I see more than one reason for this trend - partially it is because the hardware has become faster and cheaper and people just prefer to buy more of it rather than to produce better code, partially it is because many of the modern languages favor language simplicity over versatility and partially it is because education seems to be trying to cover more technologies rather than to explore any one of them in depth.

Once is more than enough

One of the main indicators of bad code is that it does something unnecessary and wastes resources. Consider the following example, which obtains a pointer to some address and then checks whether the returned address string is empty or not before processing it.

const char *get_address(void);
if(strlen(get_address()) != 0)
   process_address(get_address());

This code wastes CPU cycles because strlen has to scan the string in order to find the terminating null character.
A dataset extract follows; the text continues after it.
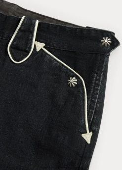 10 oz-ból készült, közepes méretű rövidnadrág. japán sztreccs farmer. jobb oldali twill fekete mosással. 1950-es évek ihlette western stílusú részletek. kontrasztos csövek az övhurkoknál és a zsebeknél. ezüst tónusú fémpattintással fejezték be.

The resulting length is simply discarded and the string would have to be traversed again when processed later by process_address.

It is also important to know what exactly get_address has to do in order to return an address string. If it's known that the returned address is readily available and is guaranteed to be returned by get_address in fixed time, then calling get_address one more time will not slow down this code. However, if retrieving an address requires any additional work, such as querying database or a network component, then calling get_address twice is wasteful.
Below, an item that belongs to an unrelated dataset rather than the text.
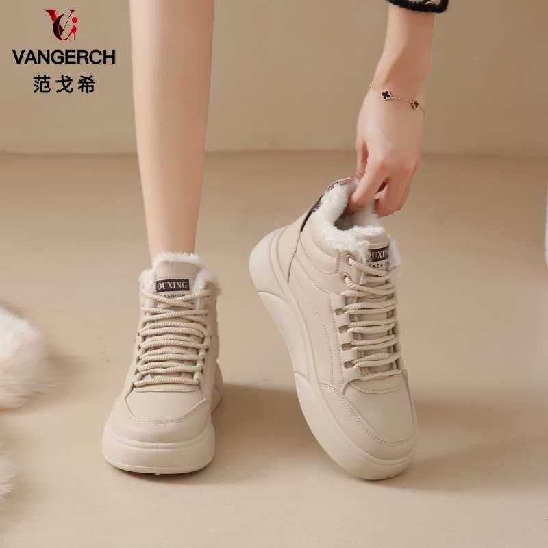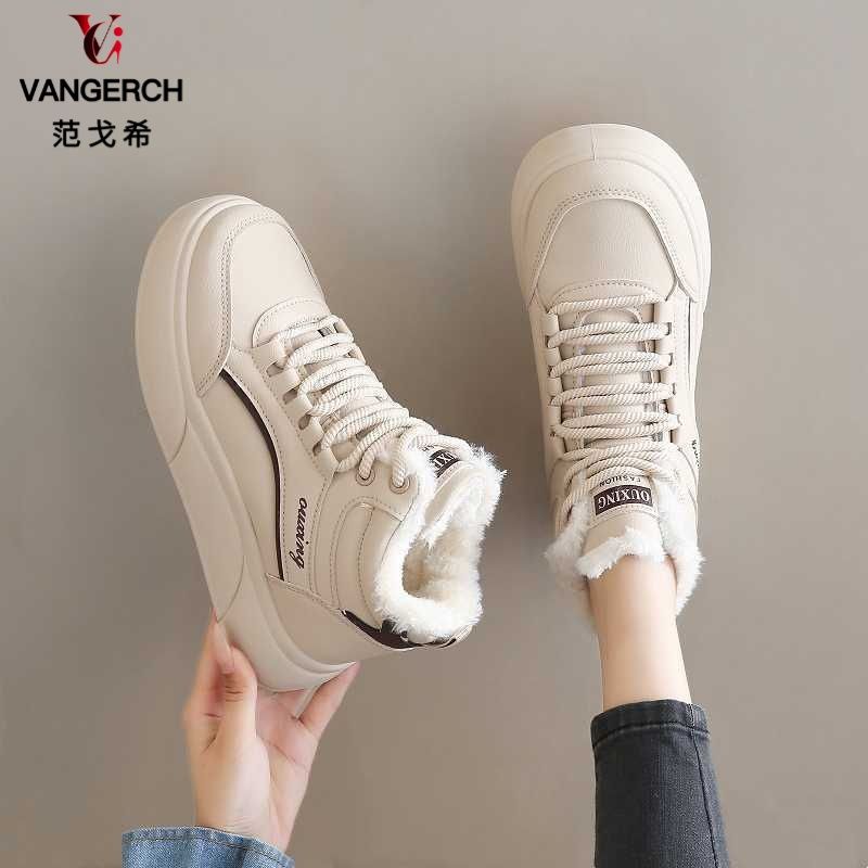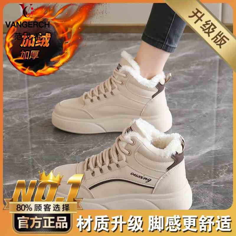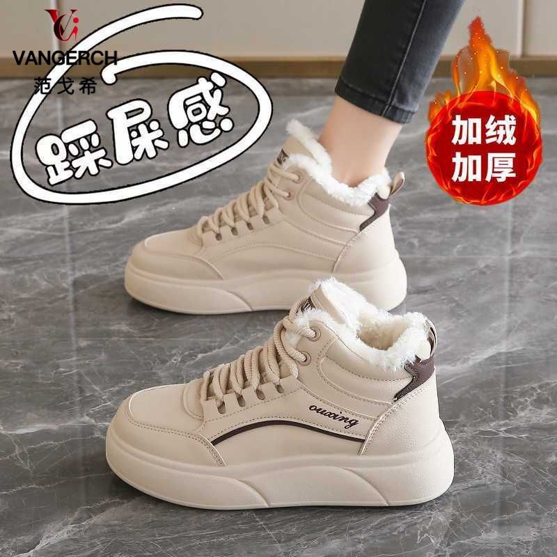 范戈希踩屎感高帮厚绒女冬季2025春新款百搭休闲防滑耐磨保暖潮鞋

Finally, if get_address can fail and would return a NULL pointer, this code would simply crash.

The first two issues make this code wasteful, which means it's bad code, even though many people will think there's nothing wrong with the code, since it it does produce expected results. The third issue, not checking the returned pointer for NULL, is just a bug.

Let's rewrite this example to make it good, bug-free code. Call get_address only once and hold on to the returned pointer, which can be checked for NULL and whether the string it points to is empty or not without wasting CPU or resources used by get_address.

const char *get_address(void);
const char *address = get_address();
if(address && *address)
   process_address(address);

Yes, it is mutable!

Another common example of wasteful code is excessive use of the STL substr method. Some developers cannot comprehend the concept of a string being made of characters and instead view a string as an unmutable entity.

The basic algorithm to replace a portion of a string is quite simple - locate the part you want to replace, shift the remainder of the string to the left or right and copy the replacement into the space that was just created. Simple, right?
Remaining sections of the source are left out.